Benefit of a topical slimming cream in conjunction with dietary advice (2024)

Abstract

Synopsis

The aim of this study was to determine how worthwhile it would be to combine a newly developed topical slimming product with customized dietary habits not based on calorie restriction, so as to improve the cellulite appearance of the skin. At the beginning of the study, a nutritionist recorded the dietary habits of each participant and gave recommendations to each of them according to their food consumption. The chosen methodology was a right/left comparison, one thigh and hip being treated with the new topical slimming product and the other one left untreated to serve as a random control. Objective evaluations were performed by blind assessors. Control of food intake improved the cellulite score after 4 weeks when compared with the base value, but this reduction was significantly greater and earlier on the treated side than on the untreated side, indicating an objective additional benefit derived from the new slimming cream. This result corroborated the slimming effect assessed by measurement in centimetres of the circumference of the upper thighs and the reconstructed volume of the thigh between two fixed horizontal slices. Furthermore, skin tonicity, a major component of cellulite visibility, was also significantly improved on the treated side after only 2 weeks.
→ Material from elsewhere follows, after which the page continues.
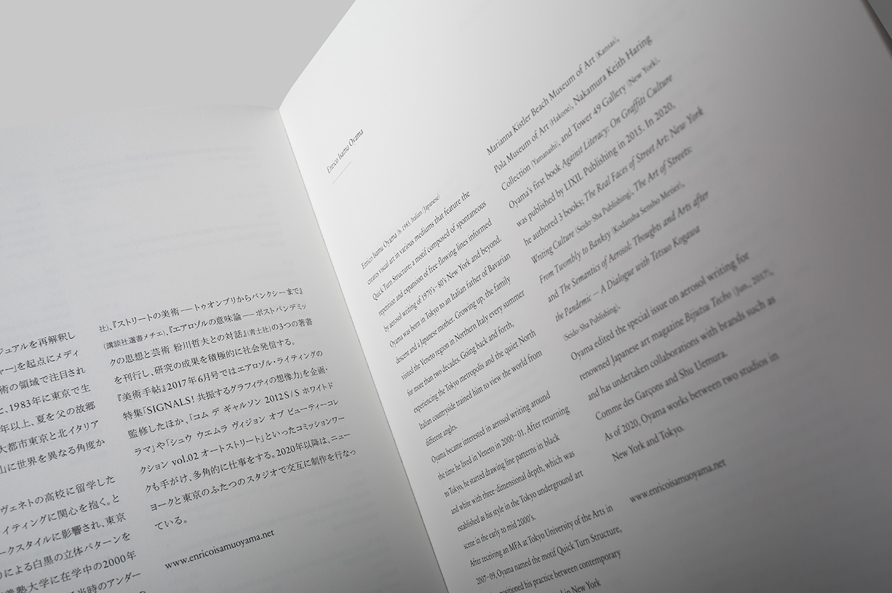 アーティスト・大山エンリコイサムによる展覧会「夜光雲」のカタログは、記録集ではなく、テーマでもある「夜光雲」を本という形で表現するコンセプト・ブックとなった。どのように「夜光雲」というテーマに行き着いたのかを大山のこれまでの軌跡を辿りつつ、大きく5つのキーワードに分けてまとめられた。ただし、エアロゾル塗料のぼけ味と同様に各キーワードごとに作品を明確に分けれるわけでなく、緩やかに連関していく様を造本によって表現しようと試みた。
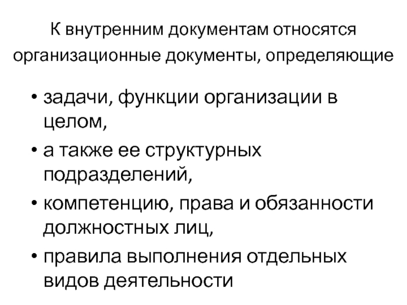 Слайд 29К внутренним документам относятся организационные документы, определяющие

This new topical cream thus enhances the benefit of a dietetic control for the treatment of the visible aspect of cellulite on the skin.

Résumé

Cette étude avait pour objectif d’étudier l'intérêt éventuel d'associer une nouvelle crème amincissante à des conseils nutritionnels personnalisés, non basés sur la restriction calorique mais sur un meilleur équilibre alimentaire afin d'améliorer l'aspect cellulitique de la peau. Au début de l’étude un médecin nutritionniste a enregistré les habitudes alimentaires de chaque sujet et a donné des recommandations à chacun en fonction de leur consommation alimentaire. La méthodologie contrôlée en hémi corps, gauche/droite a été choisie, une cuisse, une fesse ayant été traités par le produit à l’étude, l'autre partie du corps étant restée sans traitement selon la randomisation. Les évaluations objectives ont été réalisées par des investigateurs en aveugle. Le contrôle des aliments a permis une réduction du score de cellulite après 4 semaines mais cette réduction est statistiquement plus importante et plus rapide du côté traité avec le produit topique que du côté non traité, ce qui correspond à un effet additionnel objectivé du produit topique. Ce résultat est conforté par l'effet amincissant évalué par la mesure centimétrique de la circonférence de la partie supérieure de la cuisse et l’évolution du volume reconstruit de la cuisse entre deux niveaux. De plus la tonicité de la peau, composante importante de la visibilité de la cellulite, est améliorée significativement dès 2 semaines du coté traité;

Cette nouvelle crème apporte donc un bénéfice complémentaire au contrôle diététique pour le traitement de la cellulite.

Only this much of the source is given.